Clesceri and Lee (1965 -II) showed that tripolyphosphate and pyrophosphate hydrolysed 1000 times quicker in sterile lake water than in distilled water. The increase in the rate of hydrolysis was attributed to dissolved substances such as calcium. Note: in sterile medium, triphosphate hydrolysed slightly quicker than pyrophosphate.

Clesceri and Lee (1965 -I) determined the rate of hydrolysis of tripolyphophate and pyrophosphate in non-sterile lake water at 25°C at an initial concentration of 0.5 mg P/l. The results showed that  tripolyphosphate and pyrophosphate were hydrolysed to orthophosphate in a period of several days. The rate of hydrolysis increased with the addition of glucose, providing evidence that microbial activity is the primary mechanism of hydrolysis. In non-sterile medium pyrophosphate hydrolysed slightly quicker than triphosphate.

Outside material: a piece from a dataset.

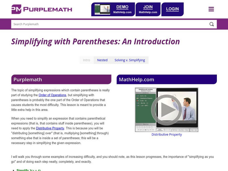 Explains, with worked examples, how to simplify expressions which involve parentheses and variables, including how to take a negative through the parentheses.
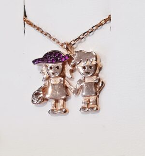 Πανέμορφο μενταγιόν κορίτσι και αγόρι ή αλλιώς μενταγιόν τα παιδιά μου που δημιουργημένο εξ ολοκλήρου από ασήμι 925. Οι λίθοι του μενταγιόν είναι φυσικά ρουμπίνια.

A rate constant and half-life time for triphosphate was determined to be :

k (25°C): – 0.2369 d-1

Half-life time: 70.2 hrs

Sewage treatment plant

Halliwell et al. (2001) studied the hydrolysis of Sodium Triphosphate in the raw sewage entering the waste water treatment plant of a small rural township treating exclusively domestic sewage. Triphosphate was spiked to give an initial concentration of 2 mg P/l and the degradation of triphosphate in the sewage was found to exhibit pseudo-first-order reaction kinetics, from which the following rate constants were obtained:

k (15°C) = 2.59 x 10-5s-1= 0.093 h-1
k (20°C) = 6.47 x 10-5s-1= 0.233 h-1

which corresponds to half-lives of 7.42 h and 2.97 h at 15 °C and 20 °C respectively.

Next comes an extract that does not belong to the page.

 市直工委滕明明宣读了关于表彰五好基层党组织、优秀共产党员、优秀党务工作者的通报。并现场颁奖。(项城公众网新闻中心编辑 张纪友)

The major factor contributing to triphosphate degradation in waste water was shown to be biological in nature, with the most likely mechanism being enzymatic hydrolysis.

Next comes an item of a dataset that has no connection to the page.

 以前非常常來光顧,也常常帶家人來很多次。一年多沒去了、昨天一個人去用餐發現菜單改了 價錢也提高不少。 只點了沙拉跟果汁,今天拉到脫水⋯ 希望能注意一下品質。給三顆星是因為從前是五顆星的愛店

The study shows that triphosphate undergoes rapid degradation in sewage by hydrolysis first to diphosphate (pyrophosphate) then to orthophosphate. Although the study indicates that hydrolysis of diphosphate to orthophosphate will be intrinsically slower than hydrolysis of triphosphate to diphosphate there is no attempt to evaluate the difference. Taking into consideration that the hydrolysis data obtained using non-sterile lake water above suggests the opposite, and that this is based on experimental data, it can be concluded that the rapid degradation of triphosphate in sewage water is indicative of similar rapid hydrolysis of pyrophosphate in sewage treatment plant waste water.

Hydrolysis of MPP 

It is clear that under both environment and physiological conditions the pyrophosphate component of MPP will undergo rapid degradation to phosphate whereas the organic component will be stable under such conditions.